Canvassing is the practice of sending a representative — internal or contracted — to physically walk a residential route, knock on each door, and attempt a face-to-face sales conversation with whoever answers. The term originated in political organizing but has been a working tactic in home services for over a century, particularly in roofing (storm-chase canvassing), pest control, security systems, and solar.
A canvassing route in Calgary typically covers 80 to 200 doors per representative per day, depending on neighborhood density and how long each conversation runs. Conversion-to-call rates among homes that actually answer the door range from 3% to 15% for cold canvassing, with the high end reserved for sharp-edged events like a recent hailstorm where roofers can credibly say they're already working three houses on the street. The catch is that 60% to 80% of homes do not answer the door at all on any given canvass attempt — homeowners are at work, taking calls, or simply choose not to open — so the effective contact rate against doors walked is much lower than the headline conversion suggests.
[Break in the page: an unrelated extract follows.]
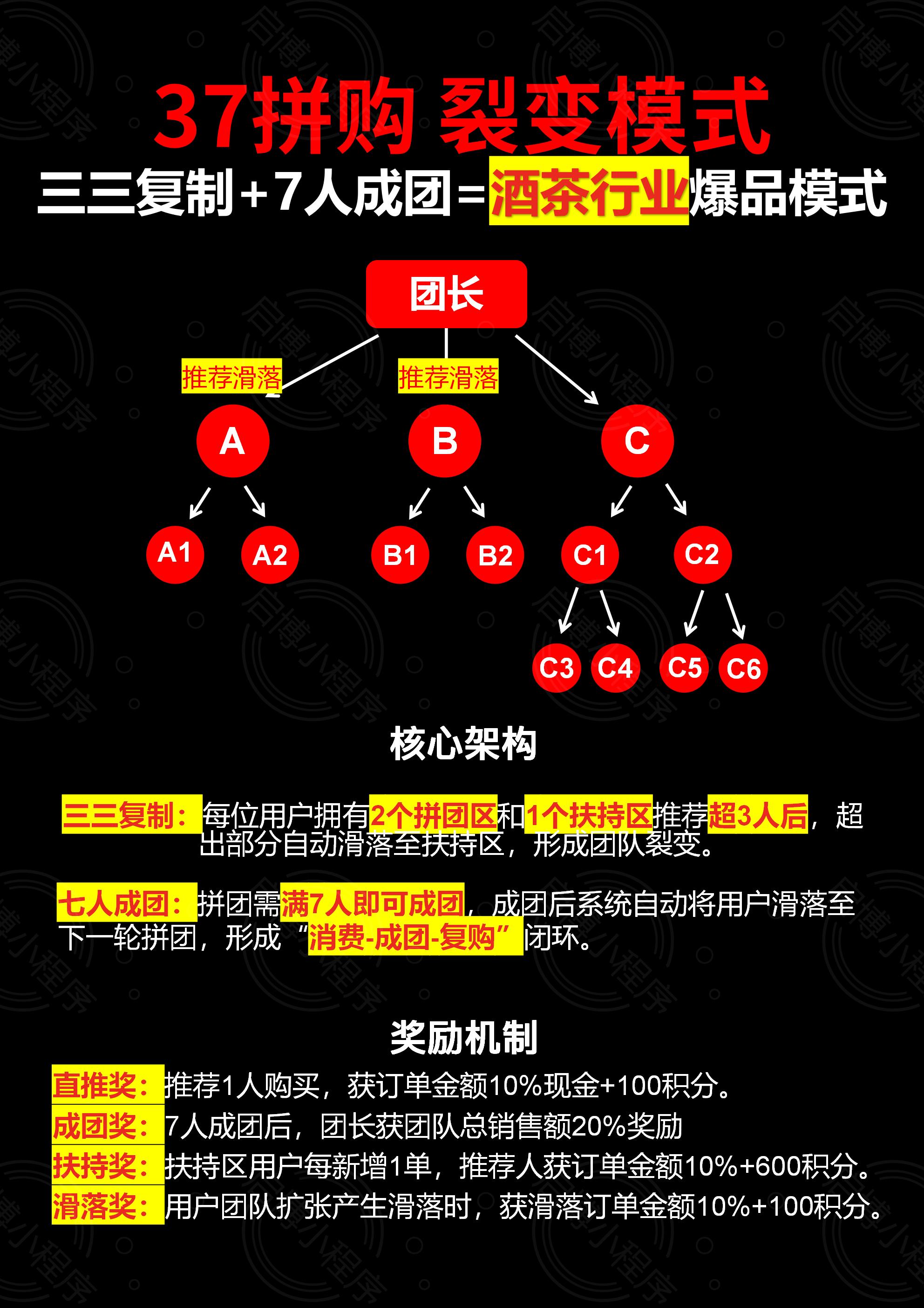 37 拼购模式的核心魅力在于用简洁规则搭建起高效运转的增长体系,三大核心机制共同构成其玩法基石。

Canvassing has structural advantages over every other physical channel when it works. The representative can read the homeowner's body language, adapt the pitch, answer objections in real time, and book the appointment on the doorstep. No other channel — door hanger, mailer, Google ad — can do that. A skilled canvasser with a hot offer in a target-rich neighborhood is the single highest-converting channel in home-service marketing.
The disadvantages explain why canvassing has declined in most trades. Labour cost per door is several times higher than any other delivery method because the carrier must stop, knock, wait, talk, and close on every porch — not just walk past. Canvassing also runs into Calgary's residential bylaws restricting solicitation hours (typically 9am to 9pm, varying by municipality), and several inner-city neighborhoods carry voluntary no-knock zone designations that make cold canvassing socially and sometimes legally unworkable. The intrusiveness creates real negative-PR risk: a single aggressive canvasser can damage a brand more in one street than a year of door hangers can build.
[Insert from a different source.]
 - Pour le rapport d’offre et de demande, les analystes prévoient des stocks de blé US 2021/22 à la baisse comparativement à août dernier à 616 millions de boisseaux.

Door hangers occupy the strategic position immediately adjacent to canvassing on the sales-channel grid. They reach the same homes with the same physical proximity and at the same point in the buyer's day — but without the awkward interruption, without the bylaw exposure, and at roughly one-tenth the labour cost per door. A door hanger is in effect a canvass attempt that doesn't require the homeowner to be home and doesn't require either party to interact. For trades where the offer is simple and the homeowner can self-qualify ("we do junk removal, $99 for a half-truck, same day"), the door hanger captures most of the canvassing upside at a fraction of the cost.
Canvassing remains the strongest channel for high-ticket, complex trades where the homeowner cannot self-qualify on a printed piece — solar installations, full roof replacements after storm damage, custom landscaping. In those categories, the labour cost per door is justified by the average sale size, and the personal conversation is non-negotiable.
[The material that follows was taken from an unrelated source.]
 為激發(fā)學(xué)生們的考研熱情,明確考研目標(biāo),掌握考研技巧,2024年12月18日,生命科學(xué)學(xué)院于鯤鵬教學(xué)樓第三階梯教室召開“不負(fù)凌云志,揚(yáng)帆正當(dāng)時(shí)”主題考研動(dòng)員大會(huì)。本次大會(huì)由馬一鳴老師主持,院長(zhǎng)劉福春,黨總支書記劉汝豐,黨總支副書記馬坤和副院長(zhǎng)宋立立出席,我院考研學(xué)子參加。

Canvassing is sometimes confused with door-hanger distribution because both involve walking residential routes. The distinguishing variable is the knock: a canvasser knocks and waits; a door-hanger carrier hangs the piece and moves on.
Also known as
- door knocking
- D2D sales
- door-to-door canvassing
- field canvass
Related terms
- Door Hanger
A printed advertisement with a die-cut hole that hangs from a residential doorknob. Unlike flyers or mailers, door hangers sit alone at eye level on the front door, giving them multi-day dwell time before the homeowner discards or acts on them.
- GPS-Tracked Distribution
A door hanger or flyer delivery method in which every carrier carries a GPS device that logs a breadcrumb trail of the route, producing per-street and per-door timestamps that the advertiser can verify after the drop.
- Proximity Response Rate
The lift in response rate observed when an advertisement reaches homes close to addresses that are already customers. The effect is driven by visible work in progress, neighbor word-of-mouth, and a trust premium attached to local recognition.
- CPL (Cost Per Lead)
The total marketing spend on a campaign divided by the number of qualified leads it produced. CPL is the canonical KPI for home-service contractors because it isolates marketing efficiency before the effects of pricing, close rate, or job margin.